@aleung/csvsplit v2.1.0
CSV Split
CLI utility to split CSV into multiples files base on value of a specified column.
Feature
You have one or more data sheets. You want to split data into files and each one groups the records which have same value in a column.
input.csv
id | name | group |
---|---|---|
1 | Alice | A |
2 | Bob | B |
3 | Charley | A |
4 | David | B |
Being processed with csvsplit, base on value of column group
, it becomes:
A.csv
id | name | group |
---|---|---|
1 | Alice | A |
3 | Charley | A |
B.csv
id | name | group |
---|---|---|
2 | Bob | B |
4 | David | B |
It's able to process multiple input files. No need to combile them beforehead.
Install
This tool runs on node.js execution environment. If node.js hasn't been installed on your OS, download from Node.js official site and install it.
On command line, type node --version
to make sure node.js has been
installed properly. Node.js v12.0 or higher is required.
Install CSV split:
npm install -g @aleung/csvsplit
It runs on any OS platform that node.js supports.

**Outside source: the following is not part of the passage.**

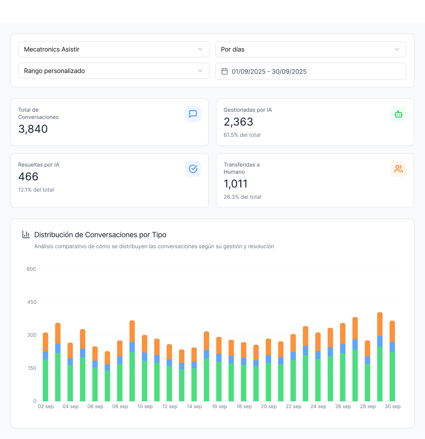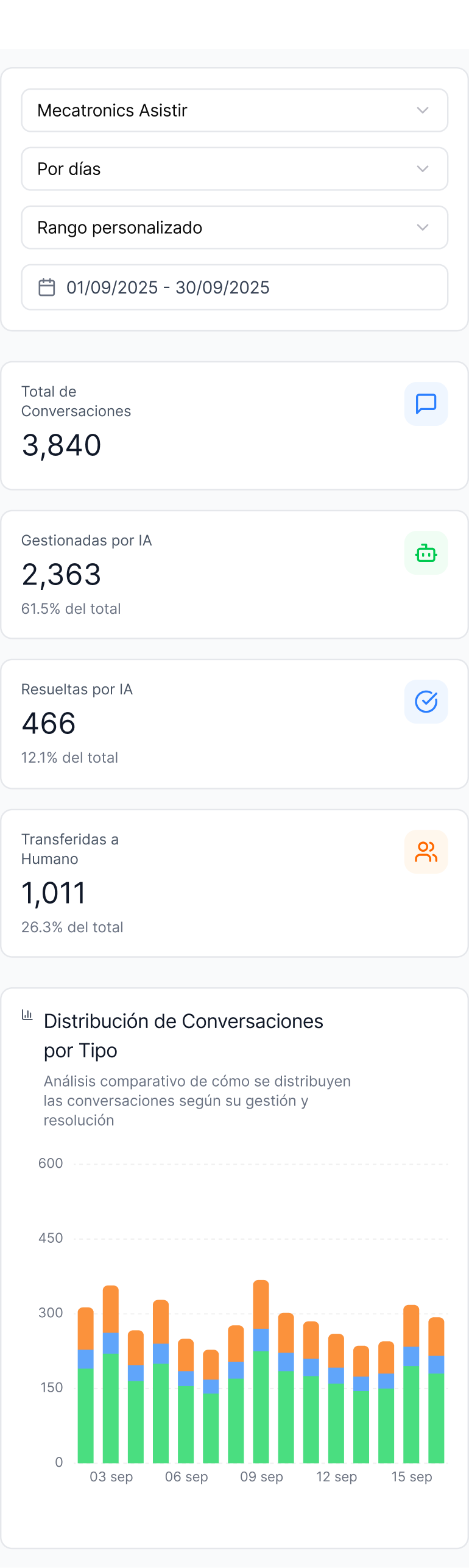 Mecatronics enfrentaba una carga de soporte mucho mayor a la esperada, con procesos manuales y limitaciones de personal que dificultaban responder a los clientes en momentos críticos y fuera del horario laboral.

You could run CSV split without installation by adding npx
before the command:
npx csvsplit [options...]
Usage
$ csvsplit --help
Usage: /usr/local/bin/csvsplit [options] <inputfiles>
Options:
-c, --column The index of column base which to split (A=1, B=2 ...) [number] [required]
-f, --filter If set, only when the column value is in this list will be outputed. Configure with a
comma seperated list of values. [string]
-o, --output Directory to put generated files into [string] [default: "./"]
--no-header The input CSV file has no header [boolean] [default: false]
--help Show help [boolean]
--version Show version number [boolean]
Examples:
/usr/local/bin/csvsplit -c 2 -o ./output Process all CSV files and split base on the 2nd
./input/*.csv column
The generated csv files are named into the value of the column base on which to split.
There might be an extra csv file generated, in which contains only the header. Just delete it.
If you get "Too many open files" issue, try to use --filter
option to limit the number of generated files.
Development
$ yarn install
$ yarn test